A Brief Introduction to the RDFox Server Directory
Nick Form

All usage of RDFox, whether via its built-in shell, REST API, or Java library, involves an RDFox server. In turn, whenever there is an RDFox server there is an RDFox server directory — a filesystem location containing any settings and data the user wishes to persist to the next session. To help developers, architects and operators working with RDFox to get comfortable with managing server directories, this article will describe how and when they are used, give details on the process for initializing new directories, and briefly touch on some key operational considerations.

What is the RDFox Server Directory?

Although RDFox is a main memory data store, it can be configured to persist data to disk for easier restarts and for use in online transaction processing (OLTP) settings. When persistence is enabled, the RDFox server saves the data, along with the corresponding access control settings, to its server directory. The server directory also acts as the default location for the RDFox license key and the default base directory for API log files written by the server. To safely and securely manage an RDFox server configured for persistence, it is important to understand the basics of server directories, including how to initialize, secure, back-up and eventually destroy them.
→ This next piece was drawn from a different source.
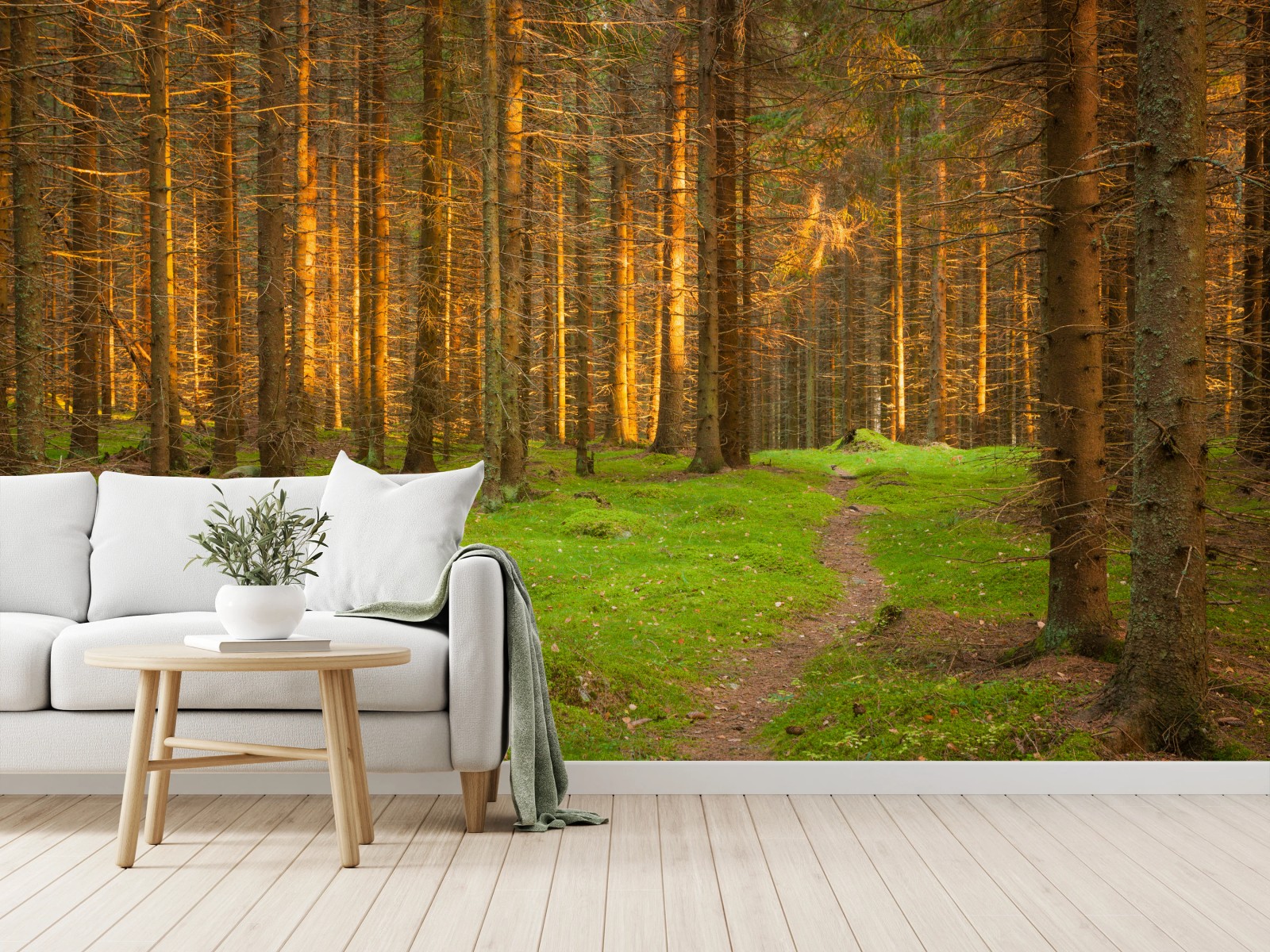 Fototapete Goldenes licht im moosbedeckten kiefernwald

Before we go any further, it’s worth mentioning that not all configurations of RDFox use the server directory. If you are running with persistence disabled (an in-memory only setup), providing the license key explicitly and have not enabled API logging, you can safely use RDFox with no knowledge of the server directory. Just save the link to this article in case things change later on and then you are free to stop reading here!

Server Directory Basics

The path to the server directory is determined at server start-up by the server-directory parameter. If not specified, the default value is used. This is a location within the user’s home directory whose exact value depends on which operating system RDFox is running on (see the documentation for details). When persistence is enabled (as controlled by the persist-roles and persist-ds parameters), the RDFox server requires exclusive access to the configured server directory. It ensures this by locking the directory at startup and maintaining the lock until shutdown, thus preventing any other RDFox servers from concurrently using the same server directory.

Initializing an RDFox Server Directory

The first stage in the life cycle of an RDFox server directory is initialization. An RDFox server directory is initialized when the first role is created within a server configured to persist roles to the given directory. The first role is granted privileges that give it full control of the server, including the ability to create data stores, create other roles and to grant privileges to other roles. Because this role is being created, its name and password must be available during the initialization step. Once the server directory is initialized however, it is possible to restart the server without requiring a role name or password (for example using the daemon mode of the RDFox executable).

Initialization can be achieved with any of the deployment configurations supported by RDFox, namely:

  • the RDFox executable (including inside the official Docker images for RDFox)
  • Java programs written against the JRDFox API
  • programs written in any language that can call the (currently experimental) C APIs to RDFox

Once initialized, all server directories are equal in the eyes of RDFox. That is, a directory initialized using a Java program is indistinguishable from one initialized by the RDFox executable. This makes it possible to, for instance, load a server directory initially created by a JRDFox app into the RDFox executable in order to interrogate it with the RDFox shell.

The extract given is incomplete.